MacVector (Mac) and AccelrysGene (PC):
Complete desktop sequence analysis package provided by Accelrys. Provides
many analysis tools and can connect to the NCBI database for text and
BLAST queries.
LaserGene (Mac and PC): Complete cross-platform sequence analysis suite.
Vector NTI (Mac and PC): Alternative complete
package provided by InVitrogen. Now available at no cost from the user community pages at InVitrogen (although there is no support from InVitrogen other than the user community forums.
Server Software: A variety of server based tools are provided that can be accessed via a web browser or terminal connection. These tools tend to be more powerful than the desk top packages but are also more difficult to use in many cases. Click here for more information.
BioTeam
InQuiry web tools: Includes
many bioinformatics algorithms that are accessible via a web browser
including the EMBOSS suite. Anyone with a PennName can use this
resource.
GCG sequence analysis package: No longer supported by PBiC. GCG is being phased out in favor of the inQuiry package
above.
Database
searching/comparison: BLAST, FASTA, SIM4, BLAT, cross_match
etc.
Sequence assembly/SNP analysis: PHRED/PHRAP, consed,
polyphred.
Mapping: GHT (GeneHunter Two Locus).
Repeat Detection: RepeatMasker and Dust
Gene Finding: GenScan, GeneWise (wise tools).
EMBOSS
package:Similar to GCG in that it includes may different programs for sequence
analysis. UNIX command line access and web access via the InQuiry tools
above.
Statistical analyses: The R package with the
BioConductor libraries is installed.
Promoter analyses: BioProspector, AlignAce
and MEME for novel motif detection. PRIMA is used to identify
over-represented known motifs (transfac) in a sequence dataset.
Liniac Compute
Cluster: Used for very compute intensive applications such
as GHT or when doing many iterative tasks such as BLAST or RepeatMasking
many sequences. Consists of 256 processors, >2 terabytes storage
and associated servers.
BLAST databases: Public databases (from NCBI) are updated weekly and others updated on an as needed basis.
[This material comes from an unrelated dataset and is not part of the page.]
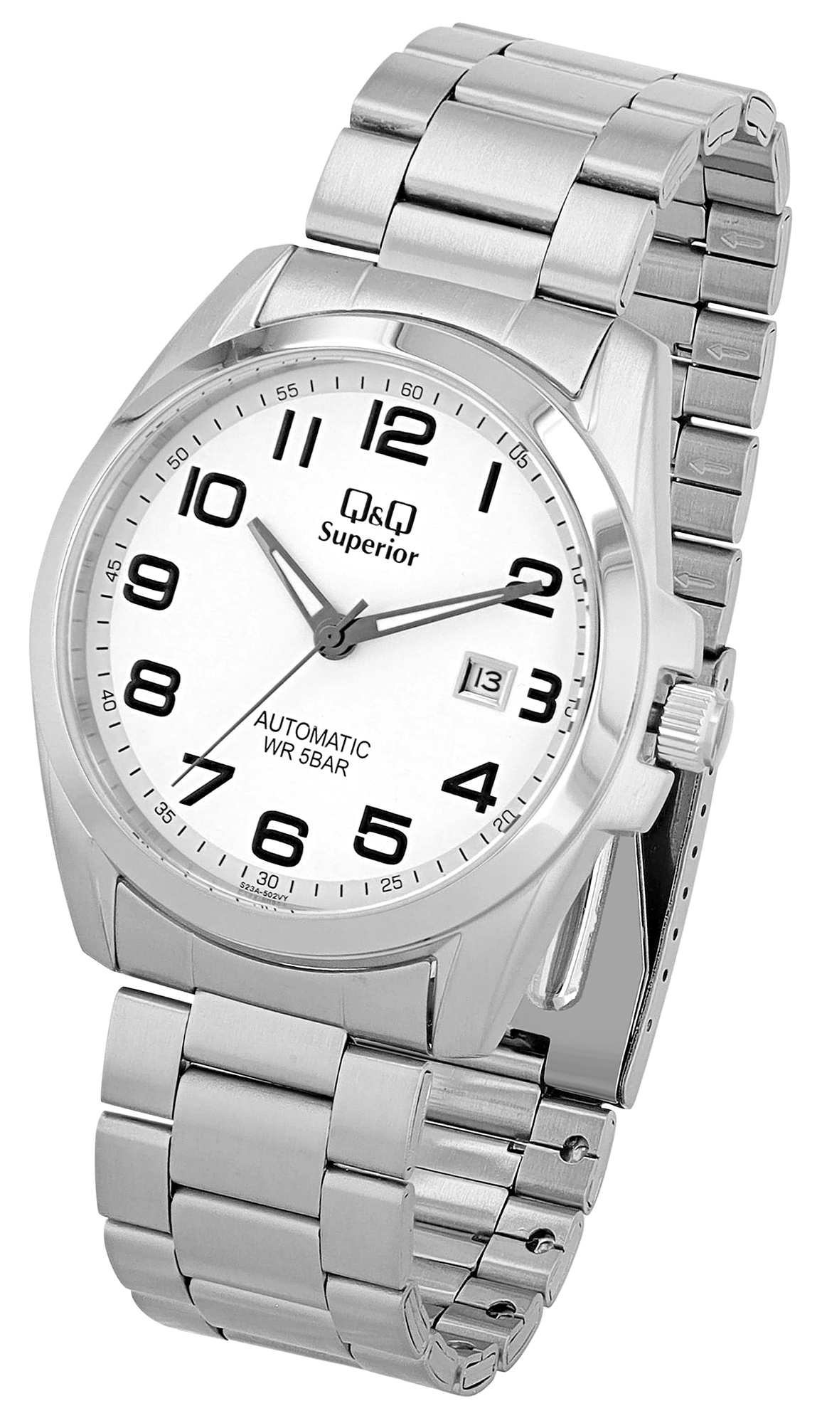Produktinformationen "Q&Q Automatik Herrenuhr, Edelstahl, silberfarben/weiß, 5 ATM, Ø 42 mm"

ORACLE: An Oracle instance is available for users who need a relational database. This includes access to a GUS database where users can securely store their data using this powerful schema for data integration (facilitated by SQL query access to the public AllGenes resource).
Lab specific databases and tools: We will develop (or provide oversight to develop) databases and interfaces for the needs of specific laboratories or groups. A couple of examples have been developed and are indicated below. We have developed build systems so that databases with this basic functionality (add, edit, delete and query data securely) can be easily set up, thus keeping the cost low.
Sequence Annotation Database: Users
are provided forms to submit sequences in batch, annotate their sequences
and query their database using text or sequence. Upon
submission, vector is removed, sequences are masked and blasted against
a set of user specified databases and all information stored. Users
may then retrieve say all sequences that match with a P Value better
than 1e-20 a protein with “kinase” in
the defline and then go on to display and manually add additional
annotation to entries if desired.
Resource Database: Databases for resources (such as
mouse strains, Taqman assays, primers etc) that allow laboratories,
groups or the entire University to add, edit, delete and query data.
Secure access can be restricted using PennKeys and/or specific user names.
Two example databases that are open to UPenn researchers are a database
for mouse strains at Penn and a database of expertise among Penn faculty.